Un solo lance requirió Roca para calmar los ánimos y hacerse con ellos. Así domina las situaciones. Fue quizá una verónica de manos bajas, antes de que el toro se desplomara y los malos pensamientos de la flojera de la corrida se hicieran de nuevo con la afición. Remontó con los mínimos este Roca Rey, que es el que de verdad tira de taquilla en los últimos tiempos. Una arrucina (por la espalda) eclipsó la atención de una faena que tuvo suavidad en todo momento, la que llevaba el toro en el viaje, tan noble como justo de fuerza. Lo consintió, acompañó, dibujó la faena por ambos pitones y agotó la esencia del toro ya en las cercanías. Hasta el último aliento.
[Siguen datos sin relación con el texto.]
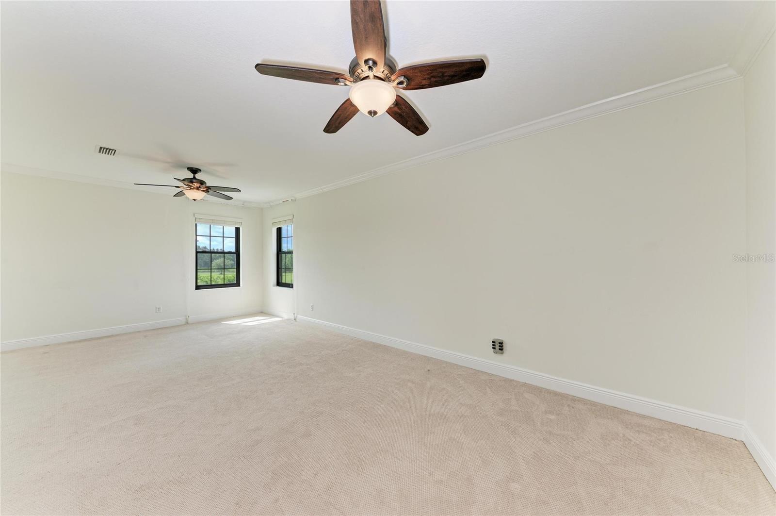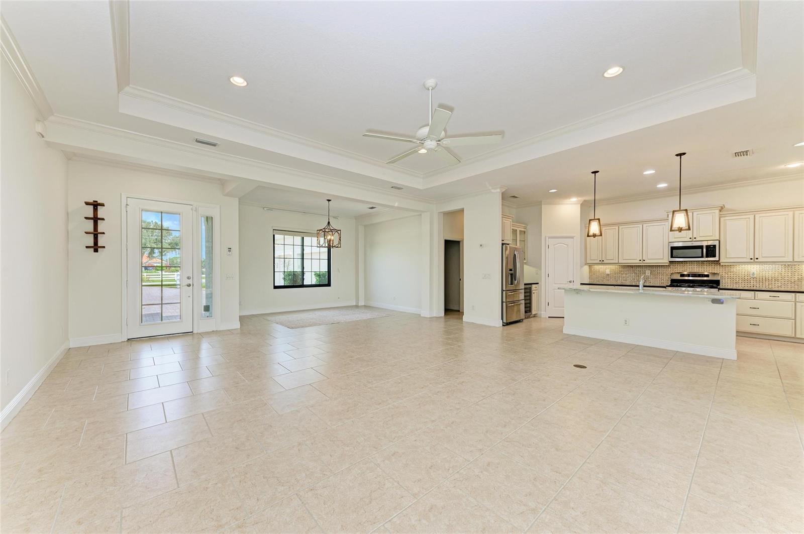 Ceiling Fans(s), Crown Molding, Eat-in Kitchen, High Ceilings, Kitchen/Family Room Combo, Open Floorplan, Primary Bedroom Main Floor, Solid Surface Counters, Split Bedroom, Stone Counters, Thermostat, Tray Ceiling(s), Walk-In Closet(s)

Quedó Enrique colgado del pitón al entrar a matar al cuarto. Son décimas de segundo, pero cabe un mundo ahí y la plaza ruge. De miedo. Entró la espada, salvó el cuerpo, no cayó el toro y demoró la muerte y el premio. Había sido larga la faena al mejor toro hasta la fecha, noble y de buen juego, quiso rajarse al final pero ya llevaba lo suyo el de Cuvillo. Ponce hizo faena por ambos pitones, ligado y en la verticalidad, también más por fuera, menos reunido. Quizá de ahí que fuera al final de faena, en los amagos de poncinas cuando más prendió la llama, que se apagó con los descabellos.
Como alma en pena iba el quinto, protestón por flojo. Una pena. La antítesis del poderío. Los intentos de Manzanares cayeron en saco roto, porque así el toreo no era, y no podía ser.
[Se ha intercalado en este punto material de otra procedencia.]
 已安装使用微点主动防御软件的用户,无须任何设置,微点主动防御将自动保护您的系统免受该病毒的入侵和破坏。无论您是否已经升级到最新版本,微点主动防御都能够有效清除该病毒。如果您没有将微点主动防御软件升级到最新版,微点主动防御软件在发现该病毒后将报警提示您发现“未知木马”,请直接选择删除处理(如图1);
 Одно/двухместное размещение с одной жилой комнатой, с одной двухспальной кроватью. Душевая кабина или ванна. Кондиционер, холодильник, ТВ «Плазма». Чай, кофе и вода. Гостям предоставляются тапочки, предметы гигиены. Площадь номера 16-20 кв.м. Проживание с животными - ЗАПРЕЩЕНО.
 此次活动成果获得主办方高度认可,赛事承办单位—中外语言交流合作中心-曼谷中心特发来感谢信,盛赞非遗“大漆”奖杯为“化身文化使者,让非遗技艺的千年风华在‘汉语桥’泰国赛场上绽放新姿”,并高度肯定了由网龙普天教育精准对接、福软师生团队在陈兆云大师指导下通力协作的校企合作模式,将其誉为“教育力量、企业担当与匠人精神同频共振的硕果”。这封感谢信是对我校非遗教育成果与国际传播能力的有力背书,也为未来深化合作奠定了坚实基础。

Rajado, manso de libro. Y sin libro el sexto. Ni Roca Rey, en estado de gracia, se salvó de una maldición. La de condenar un festejo el día que la plaza estaba casi llena. Quiso Roca. Pero ni el rey. No había manera de robarle al toro lo que no tenía, lo que no quería. A los bajos, infame, se le fue la espada. Como la tarde. Qué manera de naufragar.
Ficha del festejo
Bilbao. Cuarta de las Corridas Generales. Se lidiaron toros de Núñez del Cuvillo, el 1º, sobrero, muy flojo; 2º, flojo y paradote; 3º, noble pero flojo; 4º, noble y de buen juego; 5º, protestón por flojo; 6º, rajado y manso. Más de tres cuartos.
Enrique Ponce, de azul y oro, estocada caída (silencio); estocada trasera, aviso, tres descabellos (saludos).
José María Manzanares, de rioja y oro, estocada (silencio); pinchazo, estocada corta (silencio).
Roca Rey, de azul marino y oro, pinchazo, estocada, aviso (saludos); bajonazo, estocada (silencio)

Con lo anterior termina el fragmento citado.